Fig. 2 Fenton decomposition of hydrogen peroxide over FeOx NPs. UV-Vis absorbance of H2O2 followed at 240 nm. Initial concentration of hydrogen peroxide 1 mM, solution was 30 min nitrogenated. |
Having established the details on Fenton degradation for our catalytic system, we initially evaluated several reactor designs to produce H2O2 in flow. Crucially, through the hydrophobic properties of the catalyst, the material demonstrated a strong affinity for glass surfaces. This facilitated the immobilization of the catalyst without leaching within a batch- as well as flow-reactor.
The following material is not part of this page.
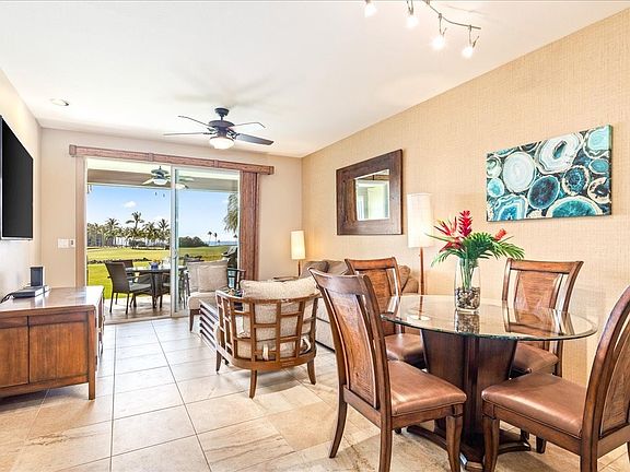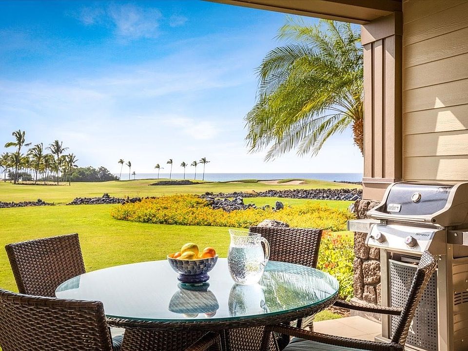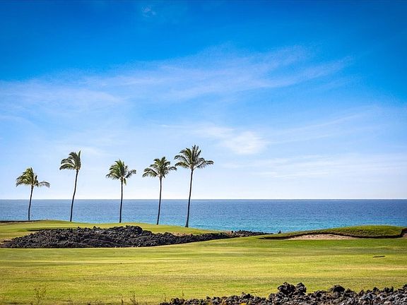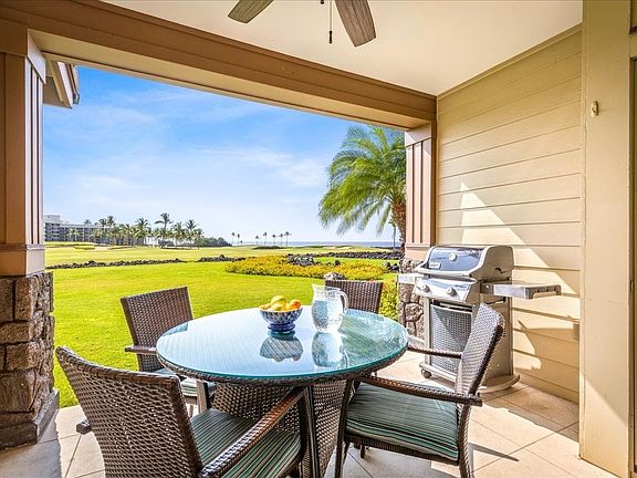 Brilliant oceanfront views of the Pacific, golf course, and sunsets of incomparable splendor are just a few of the many “Wow!” factors waiting for you at Hali’l Kai #12C, a 2 bd./2 bath ground floor single-level villa located on the 7th fairway of the Beach Course. This “Mahana Model” offers 1082 sq. ft. plus a spacious 122 sq. ft. lanai. You’ll fall in love with this unit which includes membership in Hali’i Kai Ocean Club with its tiered saltwater pool, waterfalls and hot tub, oceanfront fitness center, and popular Bar & Grill. As your own tropical oasis and/or investment property with an outstanding rental history, #12C most definitely is a must-see! Building 12 is the most forward of all the golf frontage buildings in Hali’i Kai and just a few hundred yards from the ocean and Ocean Club. The unit is tile-floored throughout and its open gourmet kitchen features newer stainless steel appliances, stunning granite countertops, handsome cabinets, and an attractive easy flow to the dining and living room areas. Both bedrooms are en suite complete with soaking tubs and/or walk-in showers and there is a dedicated laundry room with washer and dryer. The Big Island’s real estate market is hot with no end in sight so if you’ve dreamed of owning a piece of paradise now is the time and Hali’I Kai #12C most assuredly checks all the boxes in the most discerning buyers’ wish list. This unit comes with a trellised carport.

Thus, inspired by falling film reactors, we opted for a modular thin-film photo-flow design.
The reactor comprises multiple layers secured by screws (Fig. 3A). The upper (1) and lower (7) layers are constructed from stainless steel plates with screw holes. A window is cut into the center of these steel plates to allow light irradiation from the top and bottom. Adjacent to the upper steel layer (1) is a protective plastic support layer (2), which separates it from a quartz glass layer (3). Quartz is selected for its ability to facilitate reactions with UV light sources. The reaction occurs between two glass plates (3 and 5), with the lower glass plate (5) containing two holes that serve as the reactor's inlet and outlet. A rubber gasket (4) is positioned between the glass plates, serving as a mold for catalyst application on the glass. This gasket is made of H2O2-cured 1 mm thick ethylene propylene diene monomer (EPMD) that ensures chemical stability and a consistent flow pattern (which can be replaced with an alternative pattern if required).
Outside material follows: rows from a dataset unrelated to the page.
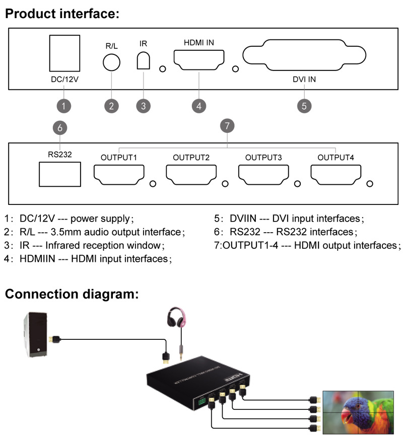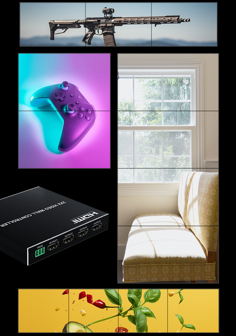 Transfronteriza Venta caliente HDMI uno-en-cuatro-salida TV controlador de pantalla de empalme de pared de cuatro imágenes pantalla HDMI máquina de empalme
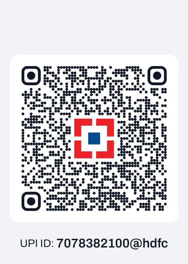 हम अपने पेमेंट गेटवे में आई समस्या के कारण हुई असुविधा के लिए क्षमा चाहते हैं। आप नीचे दिए गए QR कोड को स्कैन करके या दिए गए बैंक विवरण या UPI ID का उपयोग करके अपना भुगतान पूरा कर सकते हैं।
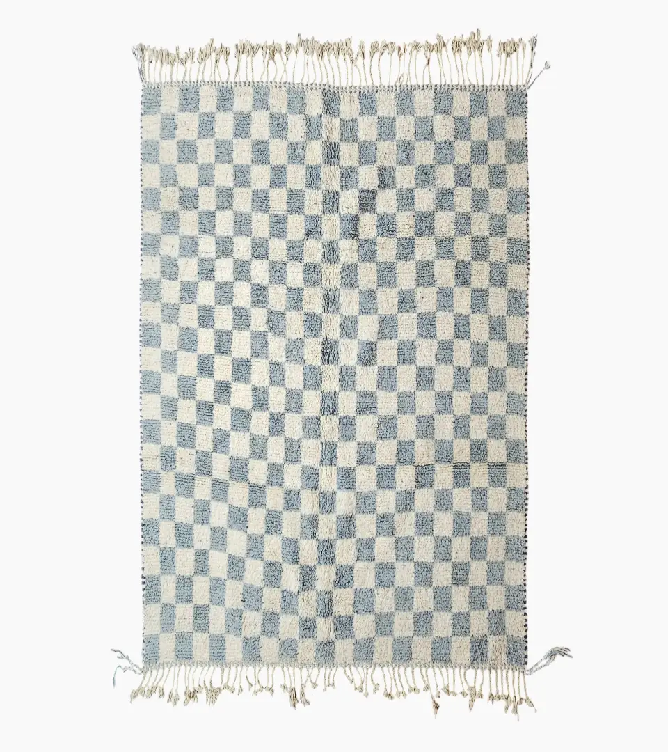 Introduce a serene, modern aesthetic with the Aura, a hand-knotted Beni Ourain rug. Hand-crafted in Morocco, this plush checkered wool rug features a clean and minimalist checkerboard design. The pattern is created with soft squares of a light, dusty blue and creamy ivory, offering a subtle yet graphic visual. The high pile adds a layer of luxurious comfort and rich texture.

The components of the proposed flow reactor were ultimately designed in accordance with the specifications outlined in Fig. 3A. The whole reactor design and size was determined through the standard dimensions of quartz glass (100 × 100 × 1 mm) at our institution. Within the borosilicate glass, two holes were precisely cut, to which G/L fittings were attached to establish inlet and outlet points. The plastic support and stainless-steel frame each incorporate three screw holes on opposite sides, ensuring uniform force distribution upon assembly. The positioning of the G/L fittings was carefully arranged to align within the window of the plastic and steel frame. Furthermore, a septum fabricated from silicone rubber was implemented to securely connect tubing to the reactor without risk of leakage. Integration of these components yields the fully operational and adaptable photo-flow reactor depicted in Fig. 3B. The inner dimensions of the designed flow reactor were 8 cm × 8 cm × 1 mm. Furthermore, the integration of various patterns of rubber gaskets was feasible. Here, elongated pathways enable increased reactor volume and offer the potential to accommodate a greater quantity of catalyst within the reactor.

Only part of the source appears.